Along with the acceleration of industrialization and urban process, the water pollution problem is increasingly serious, the requirements on the water treatment technology are also higher and higher, the water treatment efficiency is influenced by the activity of the existing microbial flocculant, the water treatment cost is increased by increasing the use amount of the microbial flocculant, meanwhile, the ecological balance of the water body is possibly changed by adding a large amount of microbial flocculant, the survival and propagation of aquatic organisms are influenced, the water quality is polluted, the flocculation performance of the microbial flocculant is possibly reduced, and even the reverse effect is generated, namely suspended matters are redispersed in the water, so that the water quality is deteriorated.
Increasing the activity of microbial flocculant is a key to solve the problem of complex water pollution, so we make an improvement on the problem and put forward a preparation method of microbial enhanced flocculant.
Disclosure of Invention
The present invention has been made in view of the above-mentioned existing need to increase the activity of microbial flocculant to solve the problem of complex water pollution.
Accordingly, the present invention aims to provide a method for preparing a microbial enhanced flocculant, which aims to: the structural stability and flocculation performance of the flocculant are enhanced by preparing a microbial culture medium and adding ions to interact with functional groups in flocculant molecules.
In order to solve the technical problems, the invention provides the following technical scheme: a preparation method of a microbial enhanced flocculant comprises the following steps:
preparing a microbial culture medium: selecting glucose, xanthan gum, levoglucosides, pullulan alpha-glucan and soluble starch to form a polysaccharide culture medium;
And (3) preparing a reinforcing agent: naCl and CaCl 2 are selected to be configured as strengthening solution;
the method for screening and preparing the microbial flocculant specifically comprises the following steps:
(1) Culturing polysaccharide at 25-30 deg.c and 100-130 r/min, shaking culture for 25d, collecting culture liquid, filtering to eliminate thallus to obtain fermented liquid, freezing and centrifuging for 10-15 min to obtain supernatant to form solution A;
(2) Adding emulsifying enzyme into the strengthening solution, controlling the temperature to be 30 ℃, and rapidly oscillating for 1min to form solution B;
(3) Adding the solution B into the solution A, controlling the temperature to 25 ℃, controlling the rotation speed of a shaking table to 150r/min, adding MgCl 2 solution as a coagulant aid after shaking culture for 72h, and taking supernatant after rapid shaking for 1min to form the microbial enhanced flocculant;
(4) Taking half dose of the microbial enhanced flocculant, quick-freezing and drying, and grinding to form flocculant freeze-dried powder.
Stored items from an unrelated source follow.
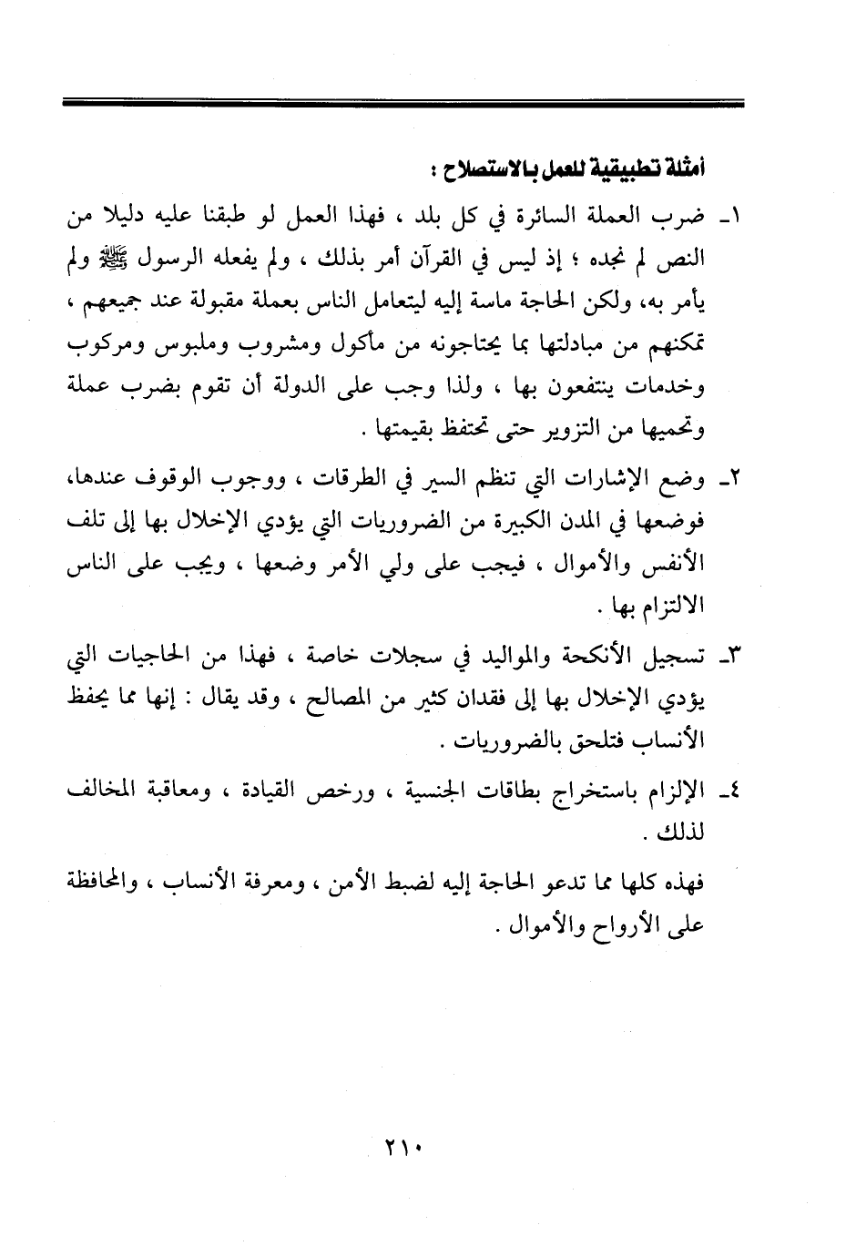 1 - ضرب العملة السائرة في كل بلد، فهذا العمل لو طبقنا عليه دليلا من النص لم نجده؛ إذ ليس في القرآن أمر بذلك، ولم يفعله الرسول صلى الله عليه وسلم ولم يأمر به، ولكن الحاجة ماسة إليه ليتعامل الناس بعملة مقبولة عند جميعهم، تمكنهم من مبادلتها بما يحتاجونه من مأكول ومشروب وملبوس ومركوب وخدمات ينتفعون بها، ولذا وجب على الدولة أن تقوم بضرب عملة وتحميها من التزوير حتى تحتفظ بقيمتها.
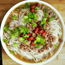 2. Remove the noodles Just put the fried diced pork and fried peanuts.If you like chopped green onion, add chopped green onion
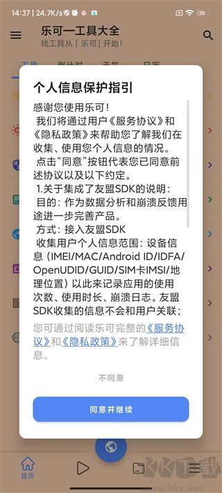 1、首先从官方网站获取程序,安装到移动设备后启动,点选同意并继续选项。
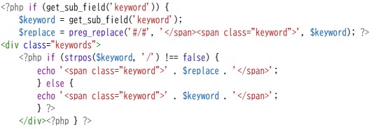 Advanced Custom Fields でフィールドを組むとき、必要であればリピーターが複雑な入れ子になっても、必要な形で組みますが、「価格やキーワードが複数になる場合もある」という程度の場合はテキストフィールドにカンマ区切りやスラッシュ区切りで入力してもらって、PHPで置換します。
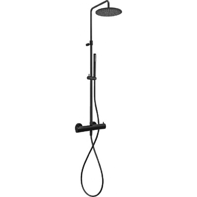 Výškově nastavitelný sprchový sloup s termostatem provedení černá mat set obsahuje: termostatická sprchová baterie s přepínačem kulatá hlavová sprcha Master, průměr 225 mm, kovové provedení kulatý posuvný držák Eco tyčová sprchová hlavice flexibilní hadice 1500 mm...
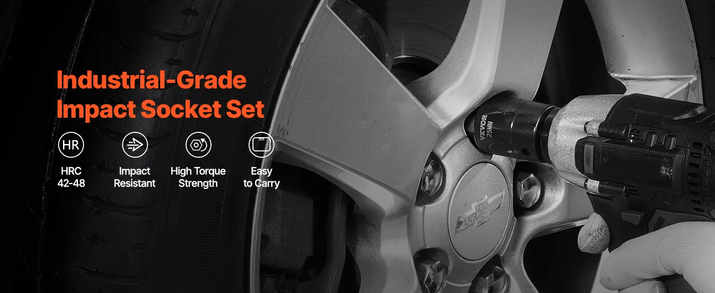 Набір ударних головок VEVOR 26 шт., 1/2" привід, 10–36мм, CR-V сталь, 6-гранні, з кейсом для зберігання

As a preferred embodiment of the method for producing a microbial-enhanced flocculant of the present invention, wherein: the molar ratio of the glucose, the xanthan gum, the levoglucosides, the pullulan and the soluble starch is 1:26 to 54:1: 80-110: 10 to 23:2 to 6.
As a preferred embodiment of the method for producing a microbial-enhanced flocculant of the present invention, wherein: the NaC L is 2mmo L/L, and CaC L 2 is 4mmo L/L.
As a preferred embodiment of the method for producing a microbial-enhanced flocculant of the present invention, wherein: the fermentation broth in the step (1) is extracted by the following steps:
1) Transferring the collected culture solution into a filter, wherein the pore diameter of the filter membrane is 0.22 mu m;
2) Pressurizing the filter using a vacuum pump;
3) After the filtration was completed, the filtrate exuded from the filter membrane was taken as a fermentation broth.
As a preferred embodiment of the method for producing a microbial-enhanced flocculant of the present invention, wherein: the step of extracting the supernatant in the step (1) is as follows:
1) Sucking out the supernatant in the centrifuge tube by using a sterile pipette;
2) Centrifuging the sediment in the centrifuge tube again, standing for sedimentation, and taking out supernatant;
3) The two supernatants were mixed.
As a preferred embodiment of the method for producing a microbial-enhanced flocculant of the present invention, wherein: the specific operation steps in the step (2) are as follows:
1) Adding glucose solution into the emulsifying enzyme, and rapidly oscillating at normal temperature for 2min;
2) Mixing the reinforcing solution of NaC l and CaCl 2, and rapidly oscillating for 1min at normal temperature;
3) After controlling the ambient temperature to 30 ℃, adding the mixed solution of the emulsifying enzyme, and rapidly oscillating for 1min.
As a preferred embodiment of the method for producing a microbial-enhanced flocculant of the present invention, wherein: the flocculant freeze-dried powder in the step (4) is used as follows:
1) Mixing the microbial enhanced flocculant in the step (3) with the flocculant freeze-dried powder in a ratio of 5:1;
2) Firstly, centrifuging for 8-10 min, and then rapidly oscillating for 1min, and then throwing.
The invention has the beneficial effects that:
1. According to the invention, naCl and CaCl 2 are common inorganic salts by preparing the strengthening solution, the use cost is low, sodium ions (Na+) and chloride ions (C l-) in NaCl can participate in ion balance regulation and enzyme activity regulation in microorganisms, the growth and activity of the microorganisms are promoted, calcium ions (Ca2+) in CaCl 2 can promote the stability of cell walls and cell membranes of the microorganisms, the stress resistance of the microorganisms is enhanced, and the structural stability and flocculation performance of the flocculant are enhanced by the interaction of ions and functional groups in flocculant molecules, so that the microbial strengthening flocculant is realized.
2. According to the invention, the glucose is used as a main carbon source to provide energy for microorganisms, the xanthan gum, the L-glycoside and the like provide different kinds of polysaccharides, the growth and metabolism of the microorganisms are facilitated, the soluble starch provides a stable carbon source, the stability of energy supply of the microorganisms in the growth process is ensured, and the synthesis speed and yield of the microbial flocculant are improved by adding and mixing the emulsifying enzyme.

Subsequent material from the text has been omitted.